In this blog, we argue that higher education is currently in a position analogous to the railroads. It sees itself as principally serving high school graduates and delivering that education face-to-face. It does not have a broader view of itself as a higher education organization providing learners the academic programs and credentials they need throughout life in curricula that last as much as 60 years and which will be offered in learning modes and at times and places best suited to the learners’ needs. We believe that the institutions that can overcome their myopic view of their markets and transform to meet their customers’ growing learning needs will see significant increases in enrollments and revenues in the years ahead.
In our book, Transforming for Turbulent Times, we describe this 60-year curriculum. In a nutshell, a Knowledge and Learning Ecosystem, portrayed below, is emerging. In this ecosystem, colleges and universities are part of rapidly growing and competitive system. The good news is that there is significant opportunity for them in this new ecosystem. The bad news is that there will be a lot of competition. Learning enterprises that can successfully transform to match the actual needs of the learners they choose to serve will flourish in the coming decade.

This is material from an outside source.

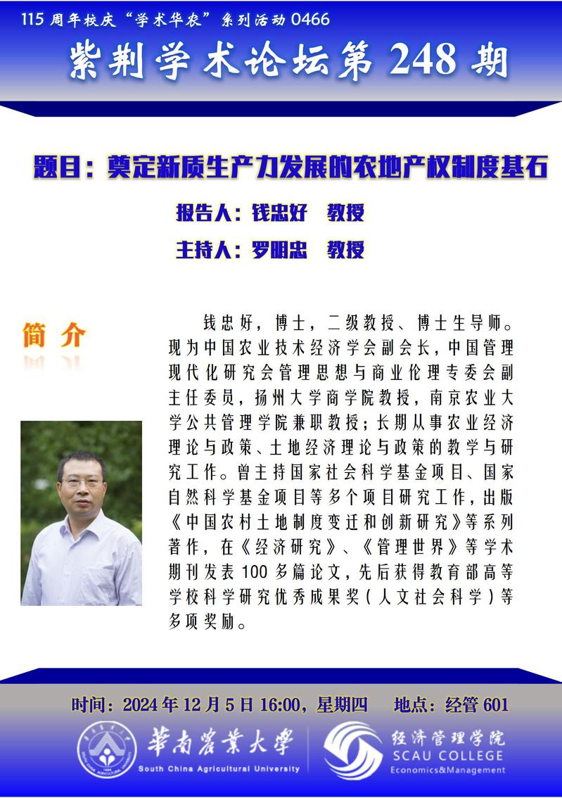115周年校庆“学术华农”系列活动之0466:紫荆学术论坛第248期

What steps should an institution take to define a role for itself in this new ecosystem and to execute the key strategies necessary to realize that role?
· A successful strategic transformation campaign begins with a no-holds-barred situational analysis--one that takes this information and defines a hopeful and compelling institutional vision for the future. In most cases, this vision will need to be more expansive than the visions of the past, actively contemplating a future that includes new programs driven by the needs current learners and new market segments that could be served by an institution with a less myopic vision of itself. Virtually every member of the community needs to be meaningfully involved in these deliberations and have their views heard.
· The situational analysis should both leap forward ten years or so and also describe the current state of collective trauma that exists in most colleges and universities today. A compelling vision of the future, with the promise of hope and growth for individuals and the enterprise, will be necessary to overcome the current state of myopic malaise.
· The institutional community should also understand that transformation will require significant change in processes and personnel that capitalizes on the potential of process reinvention and the new capacities made possible by technology.
· Virtually all institutions will need to partner with a variety of providers, knowledge marketplace facilitators, and employers to provide programming in areas where they do not have capacity but need to serve their students adequately. Many institutions will find that they will need help at first developing partnerships that work both for them and the providers.
· Most institutions will also have to invest in the support and development of their faculty and staff. Transformation on the scale needed will require new infusions of talent and the active development and support of current personnel.
· Institutional leaders will have to spend more time on the orchestration of transformation, ensuring strong execution, necessary changes to the organizational culture, and the human resource support development needed to get the job done.
Institutions that take this less myopic tack to transformation will be radically different than most institutions of higher education today. They will be laser-focused on meeting their students’ learning needs throughout their lives and at times and places that meet their learning requirements no matter where they are located.
Institutions that manage to do this will be hopeful and successful places.